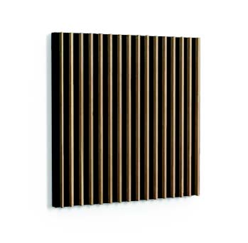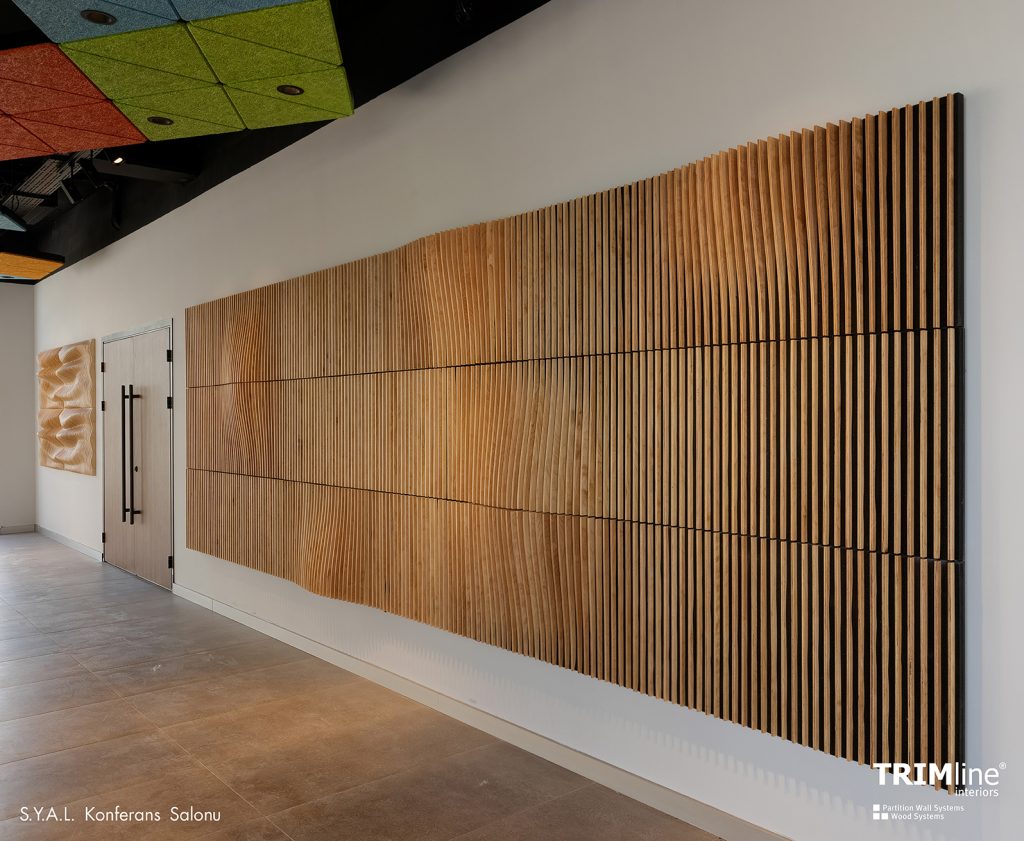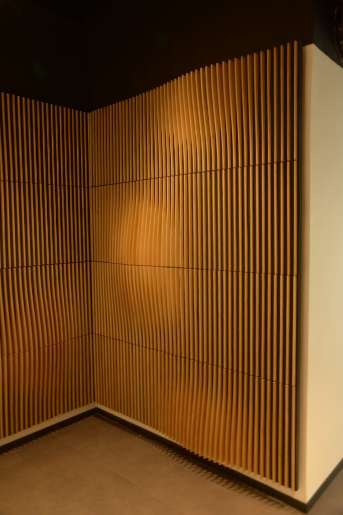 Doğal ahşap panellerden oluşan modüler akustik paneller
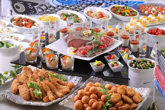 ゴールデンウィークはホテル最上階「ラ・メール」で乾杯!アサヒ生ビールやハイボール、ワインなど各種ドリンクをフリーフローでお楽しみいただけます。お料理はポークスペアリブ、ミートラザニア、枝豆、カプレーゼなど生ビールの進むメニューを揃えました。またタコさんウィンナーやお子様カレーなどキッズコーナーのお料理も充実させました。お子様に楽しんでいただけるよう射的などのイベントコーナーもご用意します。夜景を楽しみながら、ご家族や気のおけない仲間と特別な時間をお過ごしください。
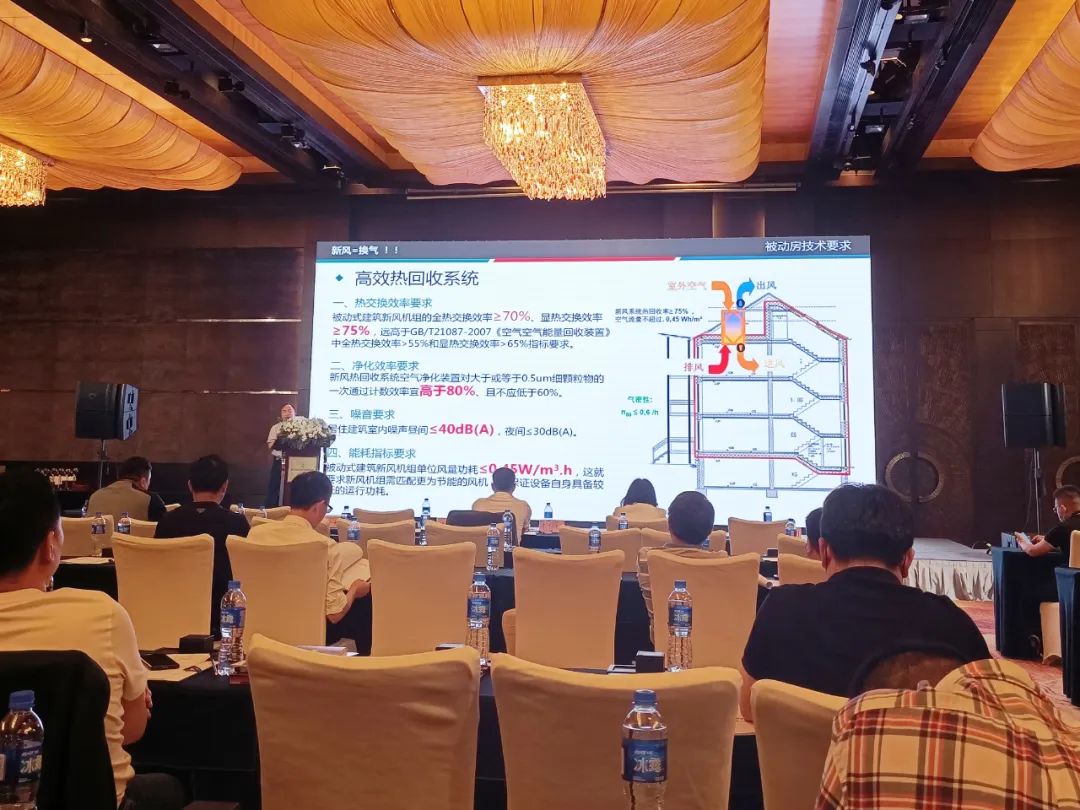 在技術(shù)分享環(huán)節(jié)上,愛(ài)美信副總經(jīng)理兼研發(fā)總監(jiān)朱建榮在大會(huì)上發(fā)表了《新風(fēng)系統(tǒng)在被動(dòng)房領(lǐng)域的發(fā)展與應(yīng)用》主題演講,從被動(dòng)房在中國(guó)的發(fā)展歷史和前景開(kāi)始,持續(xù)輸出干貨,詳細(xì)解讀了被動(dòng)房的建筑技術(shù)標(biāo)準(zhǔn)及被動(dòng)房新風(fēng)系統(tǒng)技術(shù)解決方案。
******
GOAL OF THE EXERCISE ▸ Give the lines from the one containing "ゴールデンウィークはホテル最" through the last line of the material again, exactly and with no pictures, both ends included.

WRITTEN REPLY ▸
 ゴールデンウィークはホテル最上階「ラ・メール」で乾杯!アサヒ生ビールやハイボール、ワインなど各種ドリンクをフリーフローでお楽しみいただけます。お料理はポークスペアリブ、ミートラザニア、枝豆、カプレーゼなど生ビールの進むメニューを揃えました。またタコさんウィンナーやお子様カレーなどキッズコーナーのお料理も充実させました。お子様に楽しんでいただけるよう射的などのイベントコーナーもご用意します。夜景を楽しみながら、ご家族や気のおけない仲間と特別な時間をお過ごしください。
 在技術(shù)分享環(huán)節(jié)上,愛(ài)美信副總經(jīng)理兼研發(fā)總監(jiān)朱建榮在大會(huì)上發(fā)表了《新風(fēng)系統(tǒng)在被動(dòng)房領(lǐng)域的發(fā)展與應(yīng)用》主題演講,從被動(dòng)房在中國(guó)的發(fā)展歷史和前景開(kāi)始,持續(xù)輸出干貨,詳細(xì)解讀了被動(dòng)房的建筑技術(shù)標(biāo)準(zhǔn)及被動(dòng)房新風(fēng)系統(tǒng)技術(shù)解決方案。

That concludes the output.